In vista della Giornata Mondiale dell’Ambiente, i dati dell’Osservatorio 2026 della Fondazione per la Sostenibilità Digitale scattano una fotografia preoccupante del tessuto produttivo italiano. Il 44% delle microimprese (realtà tra 0 e 10 dipendenti) soffre di una profonda mancanza di consapevolezza: non ha competenze sul digitale né sensibilità verso la sostenibilità, rientrando a pieno titolo nella categoria degli “Insostenibili Analogici”.
Lo studio “Digitale e sostenibilità nell’Italia che produce e che consuma” – realizzato in collaborazione con Adiconsum e Confcommercio – mette per la prima volta a confronto diretto i microimprenditori con i consumatori. Il verdetto è chiaro: il vero ostacolo alla transizione climatica non è tecnologico, ma culturale.

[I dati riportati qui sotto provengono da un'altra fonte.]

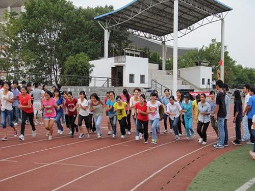 导航痕迹 当前位置: 首页 >> 新闻资讯 >> 学院新闻 >> 正文 77779193永利官网集团“体质最强班”系列活动启动仪式暨 “谁是大英雄”竞赛活动开幕 作者: 发布日期:2014-10-29 浏览次数: 为全面落实和推进将全民健身运动作为我校学生工作重点的要求,切实增强我院学子参加体育锻炼的主观能动性、形成良好的体育锻炼习惯、提升身体素质,为更好的将体育锻炼工作形成长效机制,经过两周晨跑测试及多次讨论,我院决定自本学期始在大一大二学生中组织开展“体质最强班”系列活动,并于2014年10月28日下午16:30在雁山足球场全面启动,并进行了首次“谁是大英雄”班级团体长跑大赛。学院党委副书记陶剑飞、团委副书记饶筠筠、各年级辅导员, 2013、2014级全体学生参加了此次活动。 启动仪式由陈文甫老师主持。首先,陶剑飞副书记致辞,她强调生命在于运动,作为新一代的有志大学生,应该用运动去点燃激情,以坚强的体魄去追逐梦想,并提出三点希望:第一,希望同学们明白体育锻炼的最终目的是为自身的身体健康;第二,主动科学健身,掌握健身的好方法,希望同学们制定科学健身方法,劳逸结合,循序渐进;第三,坚持每天运动,养成健身好习惯。其次,学院团委副书记饶筠筠老师对“体质最强班”活动方案进行了介绍,活动内容包括全民健身、晨跑活动、趣味球类运动、体测专项测试训练等主题,活动竞赛以运动与娱乐相结合的形式激起同学们的兴趣,制作新颖幽默的活动道具增加体育锻炼的快乐感,并通过各项考核评选出我院“体质最强班级”和“运动达人”,对在体育锻炼中表现突出的班级和个人进行奖励和表彰。随后,学生代表赵辉武同学进行发言,在发言中我们感受到了学生们热爱运动、健康运动的激情,并表明了坚持“每天锻炼一小时,健康快乐学习成长”的坚强决心。接着,在同学们高昂的欢呼声中首次开展我院 “谁是大英雄” 班级团体长跑大赛,以班级为单位,男女生分别进行1000、800米长跑运动,同学们都积极参与,个个精神饱满。长跑竞赛统计结果显示:一共有484名学生参加1000、800米长跑运动,其中测试优秀的学生占了28.75%,合格的学生占了63.75%,不达标的学生为7.5%。最后,同学们一起合影留念,将运动的汗水定格在这一刻,活动取得圆满成功。 生命无止境,运动无极限。此次活动的成功举办,响应了学校“走下网络,走出宿舍,走向操场”的活动主题,提高了同学们的体育运动意识,为全面提高大学生体质起到了良好的促进作用。陶剑飞副书记讲话热情高涨的同学们合影 上一条:扣好迈入社会的第一颗纽扣――校党委副书记、纪委书记陈贵英《如何读大学》专场报告 下一条:【迎评估,促学风】为你加油,助你成功――我院举办2014年考研英语辅导班

Il gap con i consumatori: competenze simili, consapevolezza opposta
Il confronto basato sull’indice DiSI (Digital Sustainability Index©) mostra un dato sorprendente. Se sul fronte delle competenze tecnologiche generali il divario tra cittadini e piccoli imprenditori è minimo (in entrambi i casi oltre il 70% dichiara competenze medio-alte), la distanza diventa siderale quando si parla di ecologia. Il gap di consapevolezza sulla sostenibilità tra microimprese e consumatori è infatti doppio rispetto a quello sul digitale.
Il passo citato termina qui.